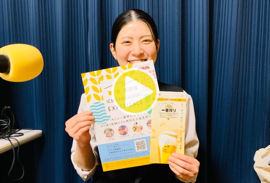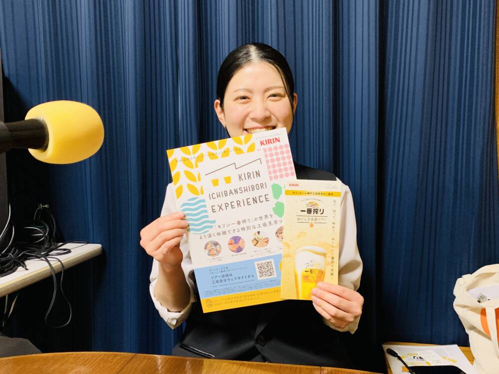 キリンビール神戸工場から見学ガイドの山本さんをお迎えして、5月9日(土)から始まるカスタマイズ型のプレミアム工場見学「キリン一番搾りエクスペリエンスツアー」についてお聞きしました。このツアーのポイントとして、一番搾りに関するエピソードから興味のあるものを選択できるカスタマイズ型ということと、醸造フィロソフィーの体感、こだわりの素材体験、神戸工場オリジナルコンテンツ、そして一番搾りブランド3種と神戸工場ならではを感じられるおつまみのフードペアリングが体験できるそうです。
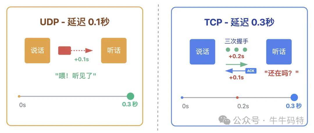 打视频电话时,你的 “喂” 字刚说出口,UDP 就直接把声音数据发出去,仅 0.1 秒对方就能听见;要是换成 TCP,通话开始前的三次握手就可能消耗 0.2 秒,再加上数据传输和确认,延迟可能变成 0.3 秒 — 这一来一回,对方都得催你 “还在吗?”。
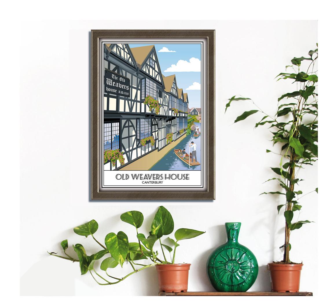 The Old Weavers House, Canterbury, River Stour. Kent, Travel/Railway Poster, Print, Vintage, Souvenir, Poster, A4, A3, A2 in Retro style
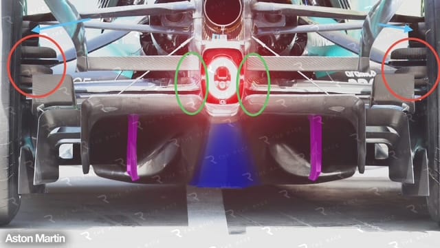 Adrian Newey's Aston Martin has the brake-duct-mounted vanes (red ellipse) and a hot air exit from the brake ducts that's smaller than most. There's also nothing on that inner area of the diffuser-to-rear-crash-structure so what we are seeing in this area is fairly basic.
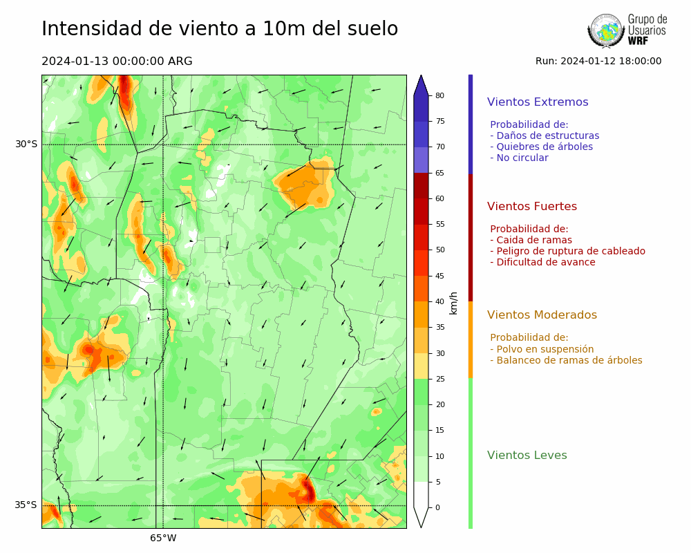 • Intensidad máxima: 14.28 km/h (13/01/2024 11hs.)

# # # #

### WHAT TO WORK ON
A word-for-word retyping of every record is required, without the pictures.

### ANSWER TO THE EXERCISE
 キリンビール神戸工場から見学ガイドの山本さんをお迎えして、5月9日(土)から始まるカスタマイズ型のプレミアム工場見学「キリン一番搾りエクスペリエンスツアー」についてお聞きしました。このツアーのポイントとして、一番搾りに関するエピソードから興味のあるものを選択できるカスタマイズ型ということと、醸造フィロソフィーの体感、こだわりの素材体験、神戸工場オリジナルコンテンツ、そして一番搾りブランド3種と神戸工場ならではを感じられるおつまみのフードペアリングが体験できるそうです。
 打视频电话时,你的 “喂” 字刚说出口,UDP 就直接把声音数据发出去,仅 0.1 秒对方就能听见;要是换成 TCP,通话开始前的三次握手就可能消耗 0.2 秒,再加上数据传输和确认,延迟可能变成 0.3 秒 — 这一来一回,对方都得催你 “还在吗?”。
 The Old Weavers House, Canterbury, River Stour. Kent, Travel/Railway Poster, Print, Vintage, Souvenir, Poster, A4, A3, A2 in Retro style
 Adrian Newey's Aston Martin has the brake-duct-mounted vanes (red ellipse) and a hot air exit from the brake ducts that's smaller than most. There's also nothing on that inner area of the diffuser-to-rear-crash-structure so what we are seeing in this area is fairly basic.
 • Intensidad máxima: 14.28 km/h (13/01/2024 11hs.)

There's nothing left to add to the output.